Благодаря этим художественным эскападам шум в зале не смолкал. Распорядитель бала уже не один раз выходил на сцену, чтобы просить зрителей по возможности умерить свои восторги; он опять призывал к «сдержанному проявлению эмоций» и «уважению к древним традициям», но его никто не слушал. Гром оваций гремел по нарастающей, сотрясая не только стены, но само основание «египетского» склепа.
Однако наибольший успех всё же выпал на долю номера, который назывался «Мёртвый крест». Тут уже были задействованы такие необычные приёмы сценографии, которые сразили даже самых закоренелых скептиков. Прямо над зрительным залом, на головокружительной высоте, под расписным плафоном, были натянуты крест-накрест два стальных каната, по которым под звуки заунывных загробных мелодий передвигались профессиональные циркачи-канатоходцы, загримированные под покойников. Способ их передвижения, позы, манера общения полностью соответствовали особенностям изображаемых ими сущностей. По проволоке артисты ходили с закрытыми глазами, вследствие чего каждый шаг их был сопряжён с немалым риском, ибо страховки как таковой «мертвецы»-артисты при себе не имели. Обитатели банкетного зала, находившегося прямо под канатами, следили за этим «мёртвым» передвижением, затаив дыхание. Каждый раз, когда кто-нибудь из участников канатного шоу открывал глаза и смотрел вниз, в публике раздавались крики ужаса. Артист притворялся, будто впервые видит под собой зрительный зал, заполненный людьми, и делал вид, что хочет прыгнуть в него… однако всякий раз другие «мертвецы», его товарищи, как бы невзначай оказавшись рядом, подхватывали уже в прыжке бузотёра подмышки и аккуратно водворяли на прежнее место. И тот, ощутив под ступнями привычную твёрдость каната, возобновлял мерное движение, включаясь в неумолимый маршеобразный ритм.
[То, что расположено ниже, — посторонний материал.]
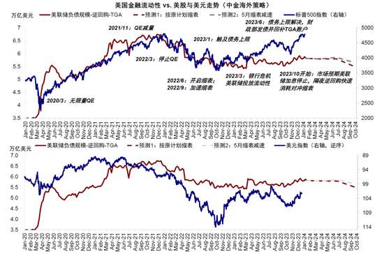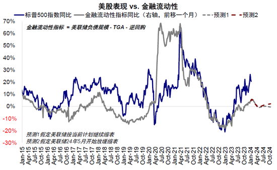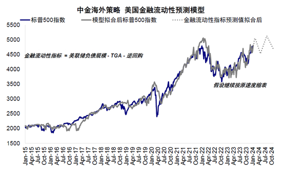 对于美股,金融流动性变化有直接影响,对走势和拐点有较好的预测性。1)假设美联储继续缩表:当前逆回购还有1万亿美元,美国财政部在2023年11月给出的2024年一季度发债计划中预计净发行4676亿美元短债。按近期逆回购承接比例90%计算,一季度可能回落4200亿美元,仍可对冲同期接近3000亿的缩表规模。不过进入二季度,美债短债发行规模明显放缓,将使得逆回购释放速度放缓,金融流动性将开始收缩。基于金融流动性和标普500同比的紧密关系,美股二季度或有回调压力,幅度在5-8%,随后降息影响下再逐步修复。2)若美联储5月放缓缩表:根据上文测算,将对冲流动性下行速度,因此也有助于对冲美股压力。

А временами над головами зрителей разворачивались сцены, отражающие наиболее драматичные моменты Дантовского Ада в гравюрах Густава Доре. Прямо там, на перекрещенных канатах, происходили настоящие баталии. Неожиданно «мертвецы», словно охваченные сверхъестественной злобой, затевали между собой яростные схватки, неистово вцепляясь зубами и когтями один в другого. Это невероятное взаимоуничтожение требовало такой максимальной самоотдачи и концентрации сил, что от дерущихся во время потасовки отрывались и падали вниз части их «мёртвых» тел: руки, ноги, а то и целые головы. Одна из таких голов упала совсем недалеко от столика, за которым сидели мы. Лёжа на щеке, «мёртвая голова» разевала рот, как рыба, выброшенная на берег, и усиленно моргала глазами, чем производила двойственное впечатление. Плюс к тому, она была совершенно чёрная, будто её намазали гуталином, что также казалось странным. Среди артистов-«покойников», бродивших по канатам, изначально не было замечено ни одного темнокожего канатоходца. Я даже хотел поднять голову с полу, чтобы вблизи рассмотреть, из чего она сделана и чем намазана, но Геката запретила мне прикасаться к ней. Когда я спросил «почему?», она ответила, что «по всей видимости, это голова идола Бафомета», а затем, прочитав крайнее недоумение на моём лице, поспешила поправиться, сказав, что «быть может, это и не так, но всё равно, не стоит подвергать себя напрасному риску».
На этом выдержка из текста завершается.